By Josie Garthwaite
The ball has dropped, that little black champagne-scented dress cleaned, and 2004 is finally starting to feel like last year. As New York gets into the swing of 2005, the Lunar Year 4703 — the year of the Rooster — is poised to strut from the wings, and Chinatown is prepared to greet it in style.
The 15-day celebration begins this weekend with the 2nd Annual Lunar New Year Flower Market in Sara Delano Roosevelt Park at Grand and Chrystie Sts., where the Museum of Chinese in the Americas and the United East Athletics Association have arranged for a heated tent and dozens of floral vendors and other merchants to recreate a New Year’s tradition practiced across Asia, while stirring up business for Chinatown’s merchants and florists.
In Asia, the flower markets often last all day and into the night — New York’s market will close at 8 p.m. on Saturday and 5 p.m. on Sunday — but the idea is the same: to ring in a year of prosperity with floral luck and beauty.

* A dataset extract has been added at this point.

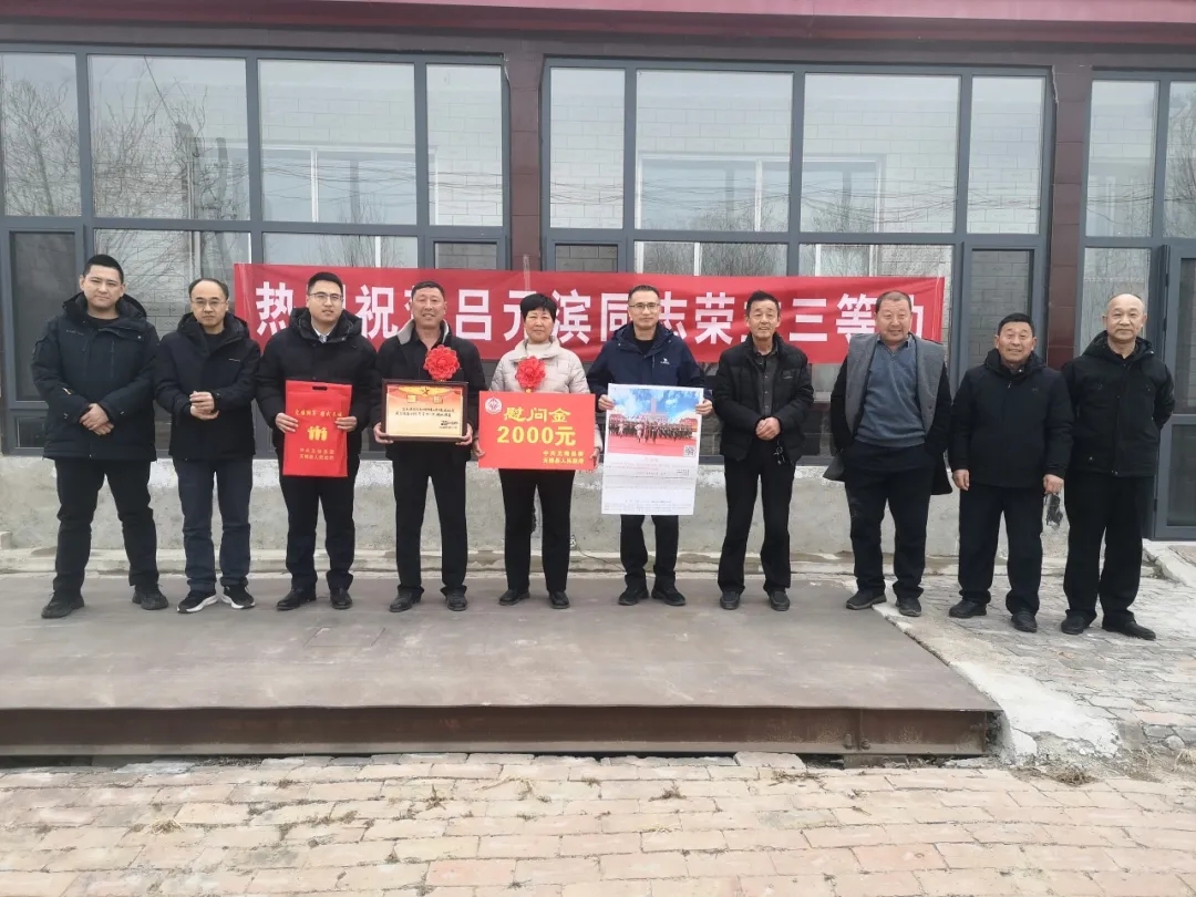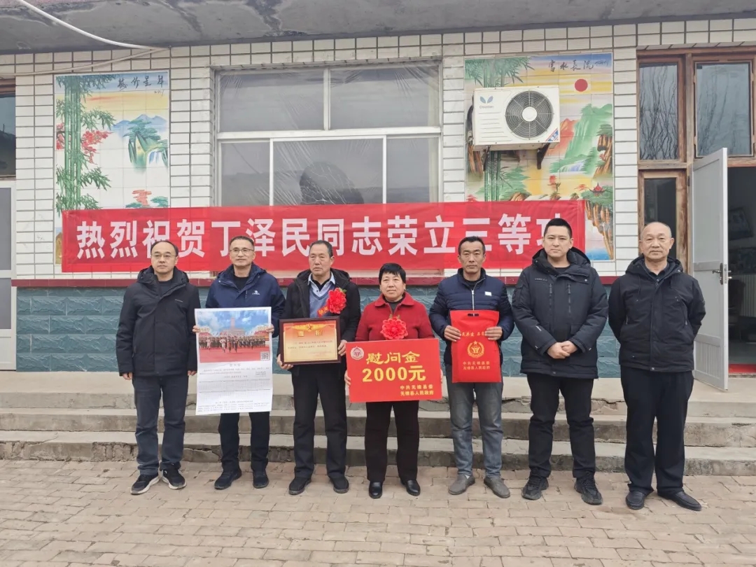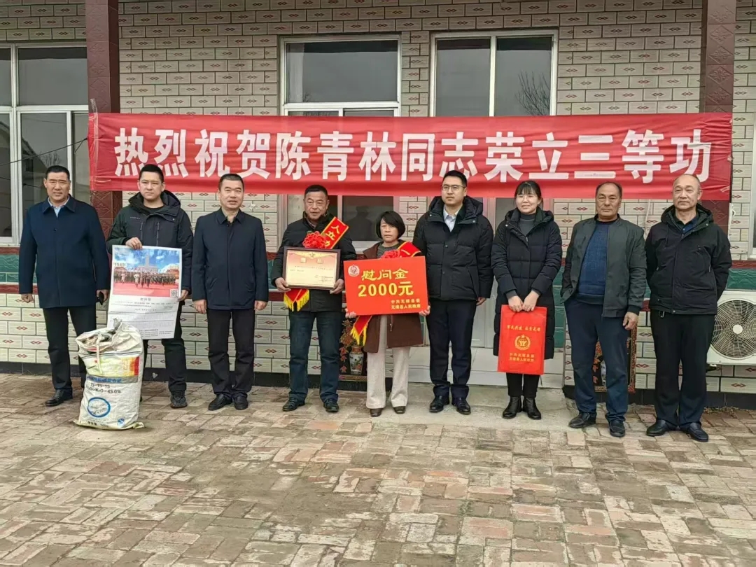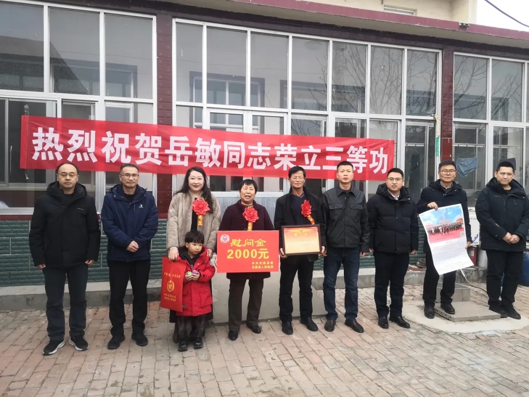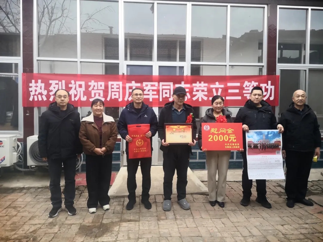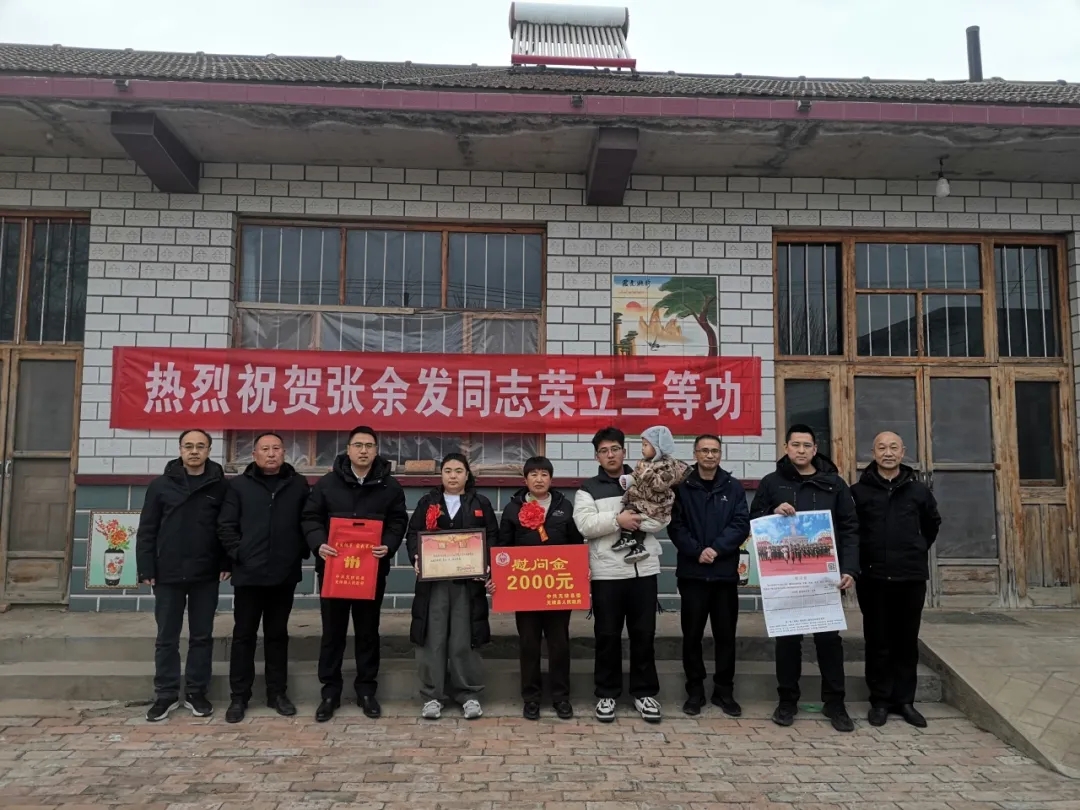 “一人参军,全家光荣;一人立功受奖,全家无上光荣”。为进一步激发部队服役军人安心服役、建功军营、报效祖国的热情,增强军人家属的荣誉感和自豪感,2月9日至10日,无棣县退役军人事务局党组书记、局长仝广庆带队,联合水湾镇工作人员一行,专程前往水湾镇,为2025年度荣立三等功的7名现役军人及“四有”优秀士兵家属送去诚挚祝贺,亲手为军属颁发立功喜报、送上慰问金,向家属们致以崇高敬意,衷心感谢他们多年来默默奉献、全力支持子女扎根军营、守护家国的无私付出。

In the Chinese spoken language, the word for “flower” sounds like the word for “wealth.” Flowers, then, symbolize prosperity, and peach and plum blossoms, peonies, narcissi, azaleas, dahlias, chrysanthemums and small orange trees, appear in homes in preparation for the new year. To have a plant blossom on New Year’s Day — Feb. 9 this year — is considered especially lucky.
William Dao, museum associate for the Museum of Chinese in the Americas and one of the event’s chief organizers, said last year’s market drew visitors before the tent had even opened the sweet smelling, warm respite from an ill-timed blizzard. “Old men and women were poking their heads in,” lining up to snag the best blossoms and check out the festivities, he recalled.
Vendors were surprised by the market’s popularity. Dao recalls how florists who rolled in with a single cart of plants and blossoms found themselves dashing back to shops and storage areas to meet the demands of 30,000 visitors. With a larger venue, more vendors, entertainers and 200 raffle prizes planned for this year’s event, combined with hopes for better weather, organizers expect to draw up to 10,000 more guests.
Dao says the event attracts a crowd spanning generations and nationalities. For Chinese-American families distanced from Chinese culture over three or four generations in this country, Dao says, the flower market opens a door to forgotten culture. For others, it offers a chance to learn about another culture.
San Francisco, home to the largest Chinatown outside of Asia, is the only other American city to host a flower market on par with the one planned for this weekend. The San Francisco fair draws closer to 400,000 people. New York’s market is only in its second year, but Dao points to the event’s rapid growth.
Lion dancers from the United East Athletics Association, feng shui presentations and Chinese food demonstrations will join the florists and merchants at the park this weekend, and roundtrip airfare between New York and Hong Kong will go to a lucky raffle winner. Manhattan Borough President C. Virginia Fields is scheduled to speak at Saturday’s opening ceremony, with other community leaders appearing throughout the weekend.
If there were any shortfalls to last year’s market, Dao says they can only be attributed to lack of experience, and the event can be expected to improve annually — hard to believe considering its success. But Dao says that unlike the gladiolus he plans to buy this weekend, last year, “We were still green.”
The Chinatown flower market last year. A larger market will kick off the neighborhood Lunar New Year festivities this weekend.